● **SOURCE INFORMATION**
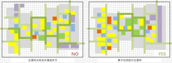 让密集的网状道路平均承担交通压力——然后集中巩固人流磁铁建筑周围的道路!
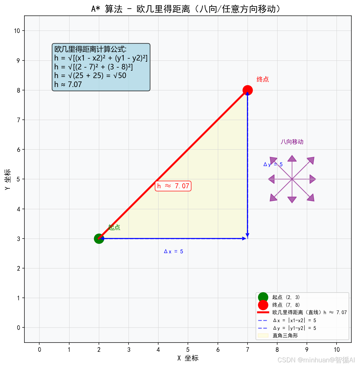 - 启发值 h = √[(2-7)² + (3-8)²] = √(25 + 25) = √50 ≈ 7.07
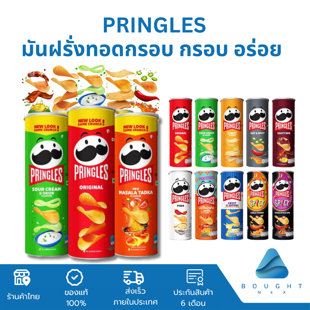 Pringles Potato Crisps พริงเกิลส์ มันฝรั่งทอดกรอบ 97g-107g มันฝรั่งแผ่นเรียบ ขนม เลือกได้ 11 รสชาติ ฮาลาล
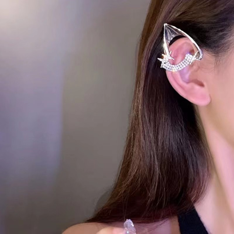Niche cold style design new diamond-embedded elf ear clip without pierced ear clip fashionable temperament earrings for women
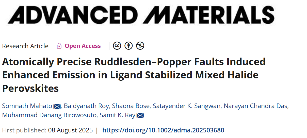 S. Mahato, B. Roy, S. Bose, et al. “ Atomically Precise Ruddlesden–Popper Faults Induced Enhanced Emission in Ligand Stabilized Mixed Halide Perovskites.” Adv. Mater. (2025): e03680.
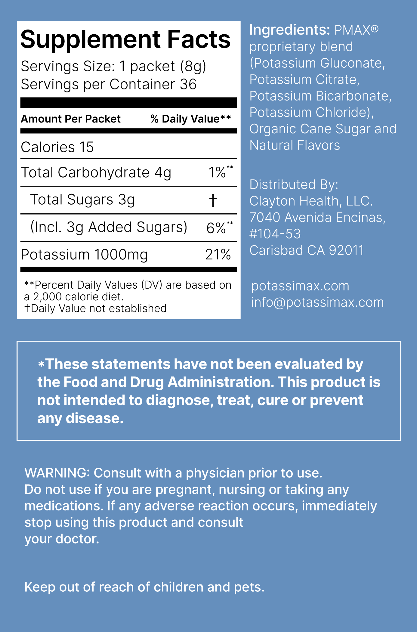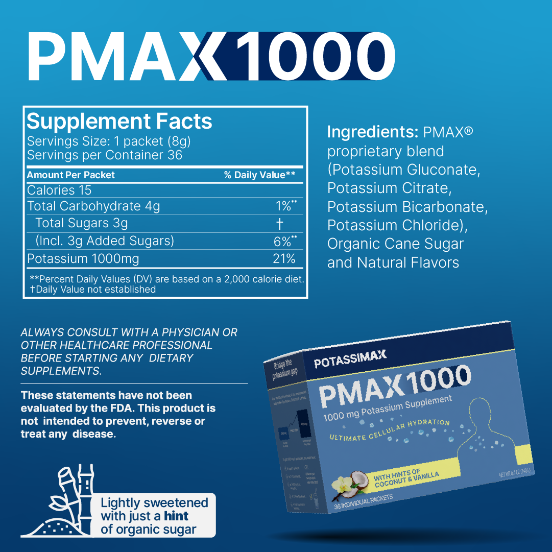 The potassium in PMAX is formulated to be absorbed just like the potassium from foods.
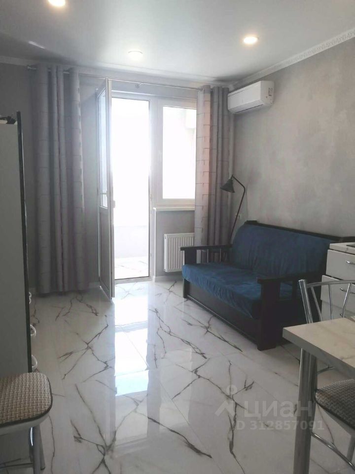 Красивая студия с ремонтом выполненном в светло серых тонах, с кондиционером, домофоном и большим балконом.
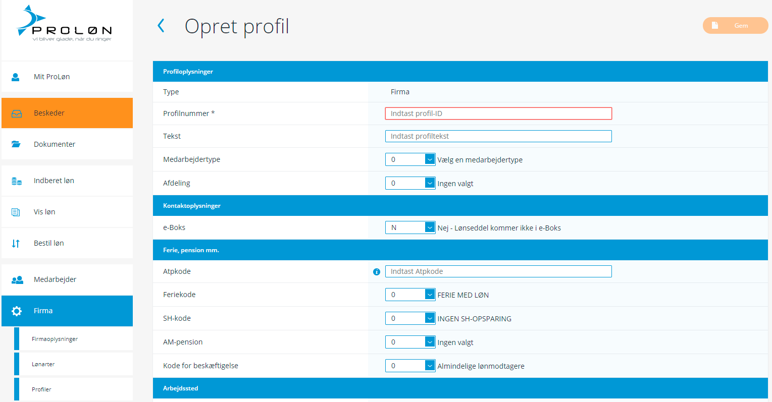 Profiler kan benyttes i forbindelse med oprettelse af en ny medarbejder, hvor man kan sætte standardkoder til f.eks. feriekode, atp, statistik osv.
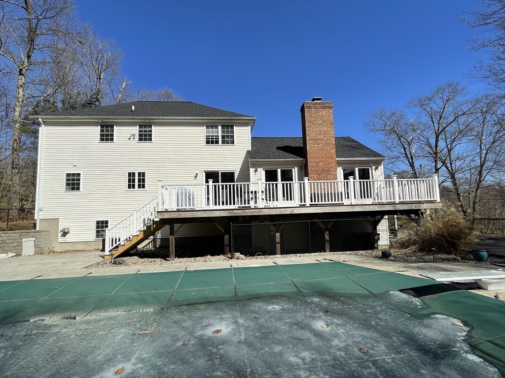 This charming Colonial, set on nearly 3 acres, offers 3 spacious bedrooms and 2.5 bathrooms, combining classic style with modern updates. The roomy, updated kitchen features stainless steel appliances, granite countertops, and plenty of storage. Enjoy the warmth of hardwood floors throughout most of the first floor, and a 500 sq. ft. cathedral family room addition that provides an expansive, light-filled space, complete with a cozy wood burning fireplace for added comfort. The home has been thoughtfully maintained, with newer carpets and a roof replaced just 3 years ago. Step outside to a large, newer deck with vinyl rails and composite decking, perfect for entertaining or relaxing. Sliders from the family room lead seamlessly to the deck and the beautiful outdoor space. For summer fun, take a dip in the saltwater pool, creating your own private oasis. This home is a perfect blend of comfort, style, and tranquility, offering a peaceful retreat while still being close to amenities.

● **GOAL OF THE EXERCISE**
Repeat exactly the lines in the entries from the one containing "The potassium in" to the final line, inclusive, and nothing beyond them; skip pictures.

● **ANSWER FOR THE TASK**
 The potassium in PMAX is formulated to be absorbed just like the potassium from foods.
 Красивая студия с ремонтом выполненном в светло серых тонах, с кондиционером, домофоном и большим балконом.
 Profiler kan benyttes i forbindelse med oprettelse af en ny medarbejder, hvor man kan sætte standardkoder til f.eks. feriekode, atp, statistik osv.
 This charming Colonial, set on nearly 3 acres, offers 3 spacious bedrooms and 2.5 bathrooms, combining classic style with modern updates. The roomy, updated kitchen features stainless steel appliances, granite countertops, and plenty of storage. Enjoy the warmth of hardwood floors throughout most of the first floor, and a 500 sq. ft. cathedral family room addition that provides an expansive, light-filled space, complete with a cozy wood burning fireplace for added comfort. The home has been thoughtfully maintained, with newer carpets and a roof replaced just 3 years ago. Step outside to a large, newer deck with vinyl rails and composite decking, perfect for entertaining or relaxing. Sliders from the family room lead seamlessly to the deck and the beautiful outdoor space. For summer fun, take a dip in the saltwater pool, creating your own private oasis. This home is a perfect blend of comfort, style, and tranquility, offering a peaceful retreat while still being close to amenities.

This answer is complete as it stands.